O caminho para a liberdade da protagonista assenta num paradoxo: Etsy deve fugir de Williamsburg, sair de Nova Iorque, da cidade que deu abrigo aos seus antepassados durante a perseguição nazista, para encontrar uma vida livre em Berlim, a cidade que a sua comunidade considera como um monumento fúnebre, uma “cidade de fantasmas” em relação às vítimas do Holocausto (não é por acaso que algumas sequências são filmadas no cemitério judaico de Weißensee, quase a retomar esta visão).

Etsy, reivindicando o direito à sua emancipação feminina, simbolicamente, resgata também a cidade de Berlim da condição de lugar de morte e faz dela um lugar de vida, onde a brutalidade nazista é derrotada pela integração social e pelo multiculturalismo.

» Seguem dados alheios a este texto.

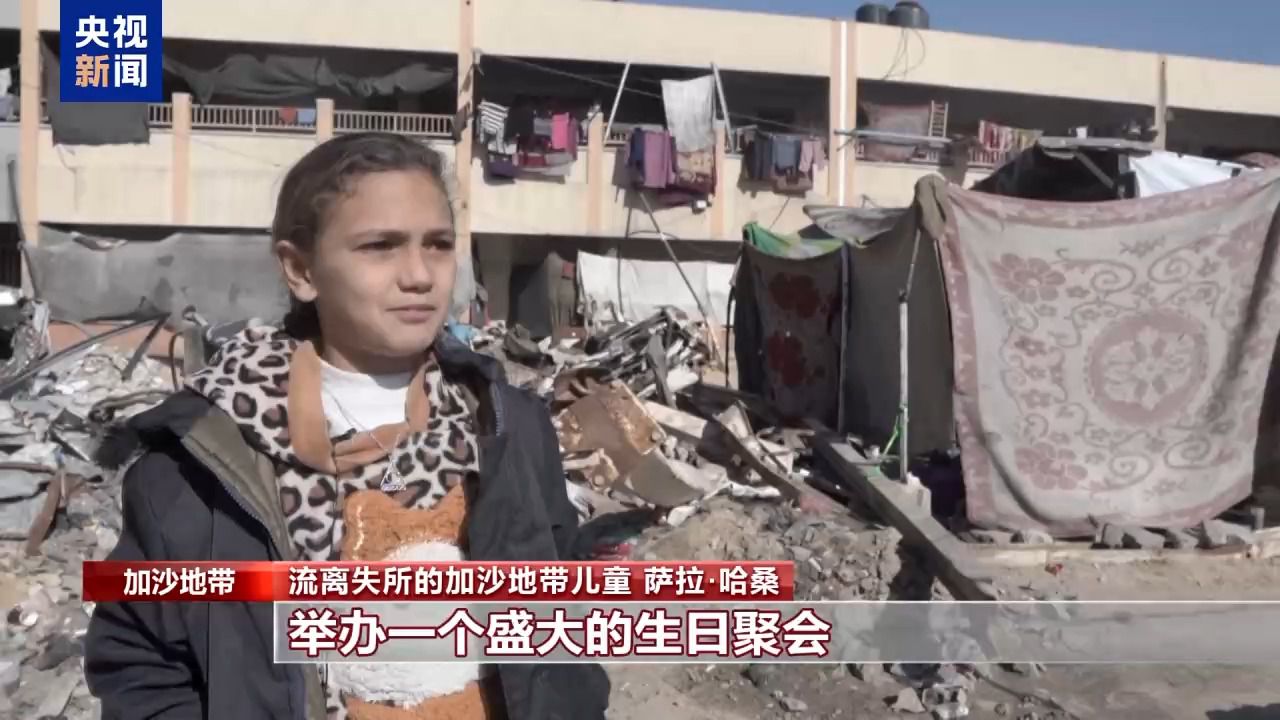 流离失所的加沙地带儿童 萨拉·哈桑:今天是我的生日,我已经11岁了。我曾希望能在家里,举办一个盛大的生日聚会。我的愿望是在新年里回到家里, 举办一个生日聚会,邀请所有的亲朋好友。我要去公园玩,做我想做的、梦想的一切。

Trilhando metaforicamente o caminho inverso (ironicamente uma nova diáspora) para a liberdade, parece dar-se uma segunda chance ao Judaismo na Alemanha, na esperança de ultrapassar o espetro da história.

Neste caminho, a música presente na vida da protagonista representa não só uma escapatória, mas também um instrumento de consciência e de união, através do qual Etsy abaterá a cortina da sua condição, para o seu renascimento.